Wednesday, February 21, 2007
I've been thinking about a post on this topic when I saw that Katha Pollitt has crystallized my thoughts perfectly at TPM Cafe,
...much as I admire A and M, I was amazed that the Edwards campaign hired them in the first place. The man is running for president, not king of the blogosphere, and he's running now, not in some putative future when words like "christofascist" and "fuck" have lost their punch. He wants -- he needs -- the votes of people who have never looked at a blog in their lives, who are deeply religious, culturally staid, and easily offended in about a thousand ways. Would those unemployed mill workers Edwards likes to talk about see Amanda's "vulgarity" as populist and fun? or as smartypants elitism? How many Catholic undecideds think that joke about the Virgin Mary was funny and/or a sly critique of sexism in the church versus how many see it as rude and insulting, or would think so, after they'd heard it a thousand times thanks to William Donohue? It's all very well to dismiss as outmoded people who respond poorly to obscenities and dirty jokes about religion. Fact is, there are a lot of them. A candidate would be out of his mind to alienate them over a staffing matter.Exactly.
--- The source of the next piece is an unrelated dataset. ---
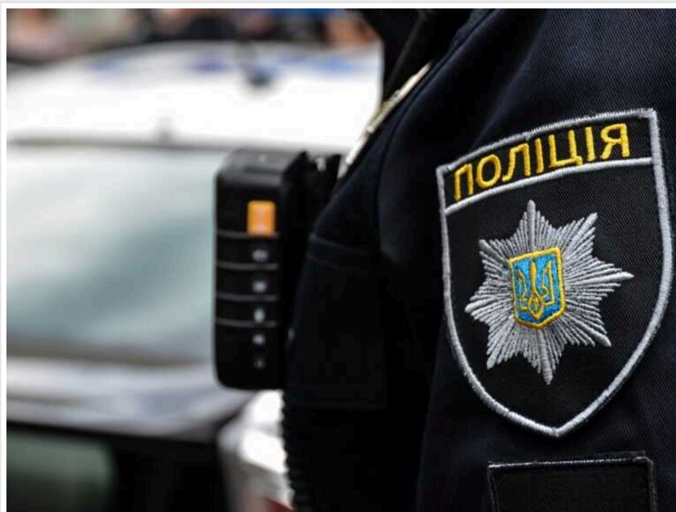
У Києві у 19-річного «бізнесмена» вилучили 2,5 кілограми наркотиків та психотропів на 500 тисяч гривень

У Києві правоохоронці викрили чоловіка, який намагався збути психотропи та наркотики. Під час обшуку в нього вилучили понад 2,5 кг "товару" на суму понад 500 тисяч гривень.

Tuesday, February 20, 2007
If you have not already seen it, you have to read the WaPo expose on the treatment of our wounded soldiers at Walter Reed Army Medical Center.
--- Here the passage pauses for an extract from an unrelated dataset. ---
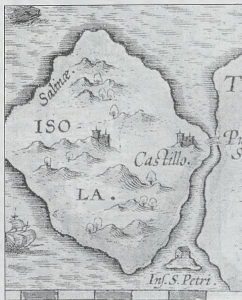
Plano anónimo de hacia 1570 muy similar al de Höfnagel

nara en la pequeña isla. Los textos indican que "La isla de Cádiz se halla en la desembocadura del río de Sevilla y mide doce millas de largo; toda ella es un arenal llano y el agua potable se extrae de pozos. Contiene restos de templos antiguos y dos castillos, uno llamado Sancti Petri y el otro al-Mal'ab (el teatro). En Sancti Petri hay una iglesia muy venerada por los cristianos (...)" (Dikr, II, pp. 71-73) y también describen la cuestión de la siguiente forma: "Península de Al-Andalus, a alguna distancia de Itálica, una de las ciudades de la región de Sevilla. La longitud de esta península, de Sur a Norte, es de doce millas; y su máxima anchura, una milla. Está cubierta de cultivos de rica vegetación. Los rebaños son en su mayor parte de cabras. En la parte boscosa de la península, crecen pinos e inhiesta. (...) Se ve todavía sobre la cima que se encuentra al otro lado de la península, las ruinas de un antiguo castillo. En ese mismo lugar se eleva la iglesia conocida bajo el nombre de San Pedro. (...)" (AL-HIMYAR: Ki_b al-rawd# al-mi't_r f?_habar al-aqt_r , pp. 290-298). Este castillo podría identificarse con

Once you've read it, call your Senators and Congressman, tell them you are shocked and ashamed, and ask them what they intend to do about it!
Soldiers Face Neglect, Frustration At Army's Top Medical Facility
Here's the lede,
Behind the door of Army Spec. Jeremy Duncan's room, part of the wall is torn and hangs in the air, weighted down with black mold. When the wounded combat engineer stands in his shower and looks up, he can see the bathtub on the floor above through a rotted hole. The entire building, constructed between the world wars, often smells like greasy carry-out. Signs of neglect are everywhere: mouse droppings, belly-up cockroaches, stained carpets, cheap mattresses.
Sunday, February 18, 2007
After pointing out that Bush took a hard line 4 years ago with non-nuclear North Korea, only capitulate upon the detonation of a nuclear weapon the Bush administration choses the same failed course of action with Iran.
...here’s the curious part: Mr. Bush’s aides worked out this “first step” in one-on-one talks in Berlin of the kind the White House refused to hold a few years back, while North Korea was still busily producing nuclear fuel to make its next generation of weapons. Those are exactly the steps Mr. Bush refuses to take with Tehran.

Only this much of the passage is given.